REQUIRED WORK =>
The listing is to be printed word for word, pictures omitted.

-- EXERCISE DATA follows --

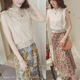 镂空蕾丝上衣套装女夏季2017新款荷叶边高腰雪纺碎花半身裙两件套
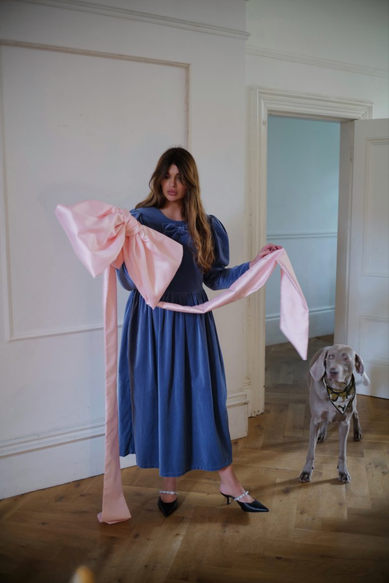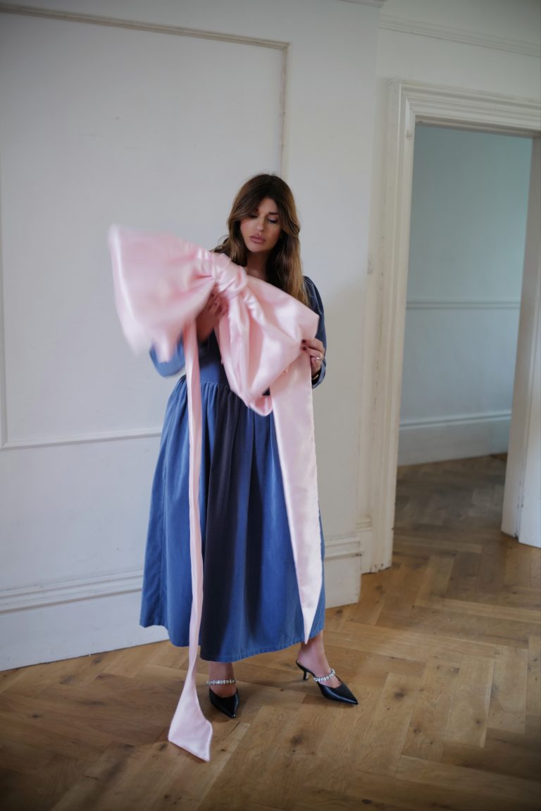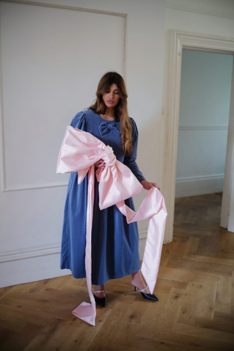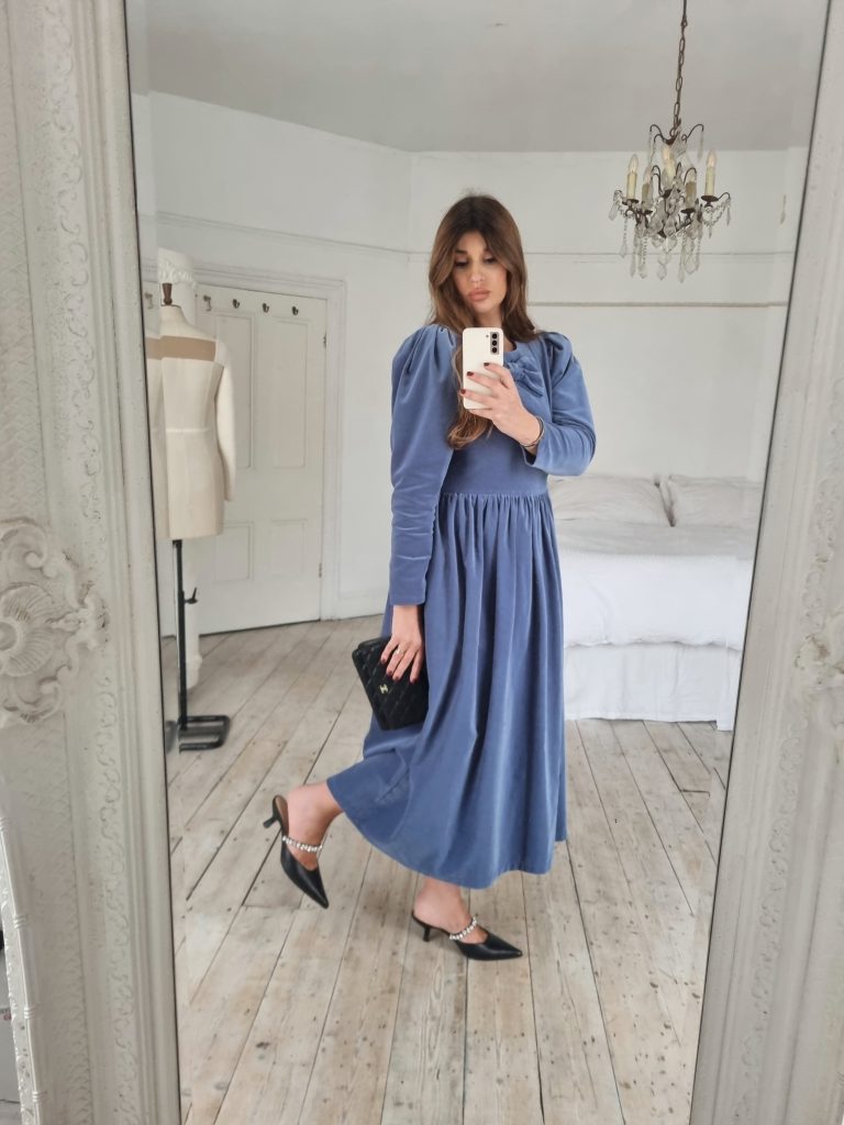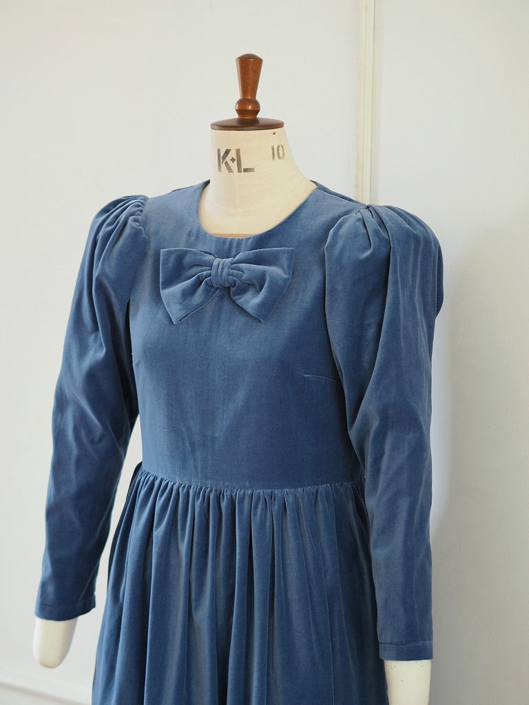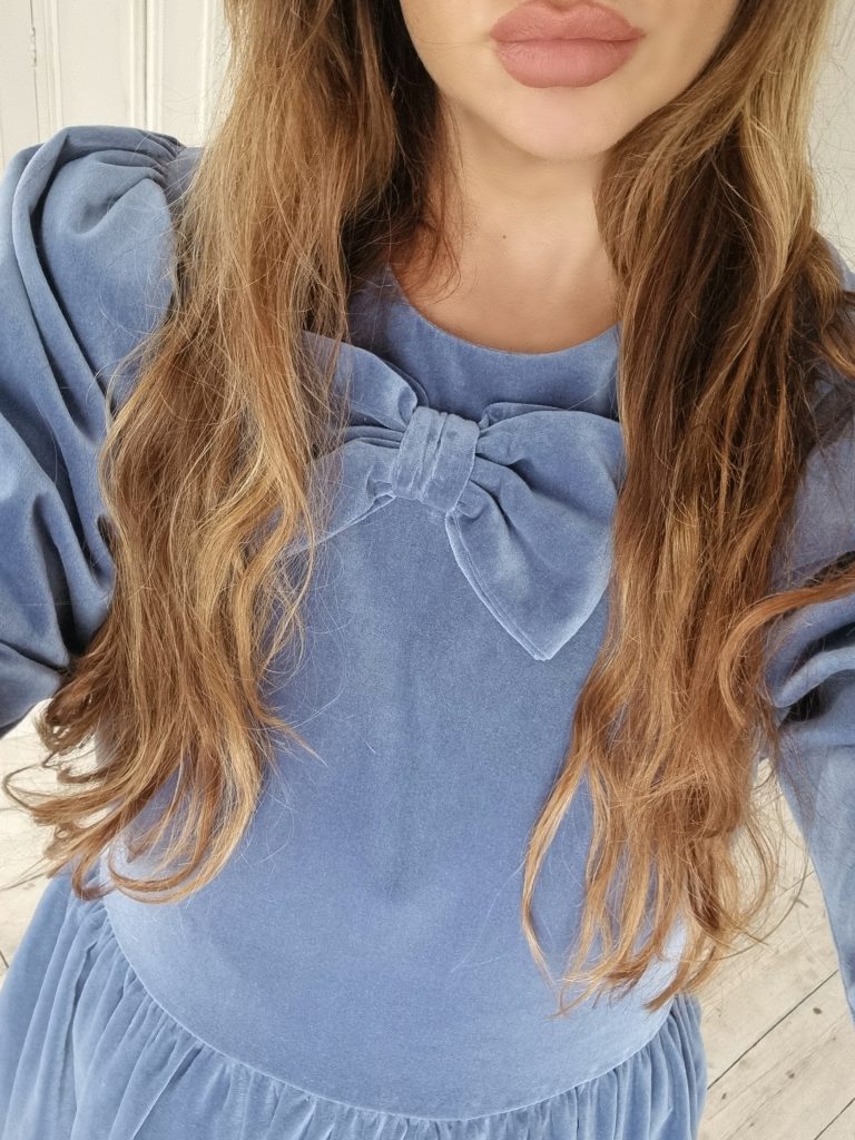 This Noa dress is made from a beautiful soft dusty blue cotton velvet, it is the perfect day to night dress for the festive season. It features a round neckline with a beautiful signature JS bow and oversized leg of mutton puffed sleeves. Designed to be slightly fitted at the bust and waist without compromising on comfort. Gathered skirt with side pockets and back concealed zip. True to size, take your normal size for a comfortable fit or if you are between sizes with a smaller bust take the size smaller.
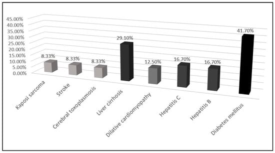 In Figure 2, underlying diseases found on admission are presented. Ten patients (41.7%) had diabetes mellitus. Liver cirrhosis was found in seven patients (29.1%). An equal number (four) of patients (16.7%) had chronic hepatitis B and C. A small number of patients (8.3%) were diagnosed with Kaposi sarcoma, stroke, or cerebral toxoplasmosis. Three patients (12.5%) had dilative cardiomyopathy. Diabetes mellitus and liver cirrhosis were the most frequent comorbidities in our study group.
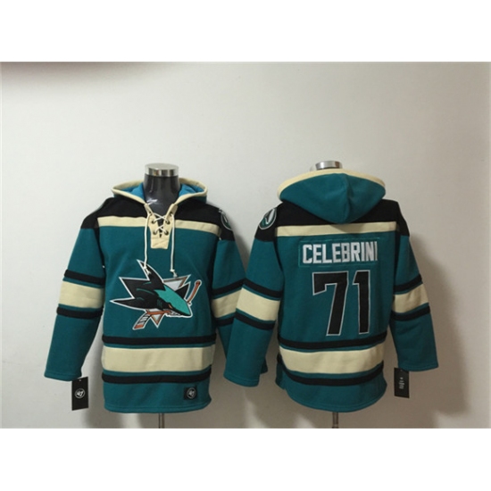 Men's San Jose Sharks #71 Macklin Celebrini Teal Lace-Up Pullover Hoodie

-- EXERCISE DATA concluded --

ANSWER BOX =>
 镂空蕾丝上衣套装女夏季2017新款荷叶边高腰雪纺碎花半身裙两件套
 This Noa dress is made from a beautiful soft dusty blue cotton velvet, it is the perfect day to night dress for the festive season. It features a round neckline with a beautiful signature JS bow and oversized leg of mutton puffed sleeves. Designed to be slightly fitted at the bust and waist without compromising on comfort. Gathered skirt with side pockets and back concealed zip. True to size, take your normal size for a comfortable fit or if you are between sizes with a smaller bust take the size smaller.
 In Figure 2, underlying diseases found on admission are presented. Ten patients (41.7%) had diabetes mellitus. Liver cirrhosis was found in seven patients (29.1%). An equal number (four) of patients (16.7%) had chronic hepatitis B and C. A small number of patients (8.3%) were diagnosed with Kaposi sarcoma, stroke, or cerebral toxoplasmosis. Three patients (12.5%) had dilative cardiomyopathy. Diabetes mellitus and liver cirrhosis were the most frequent comorbidities in our study group.
 Men's San Jose Sharks #71 Macklin Celebrini Teal Lace-Up Pullover Hoodie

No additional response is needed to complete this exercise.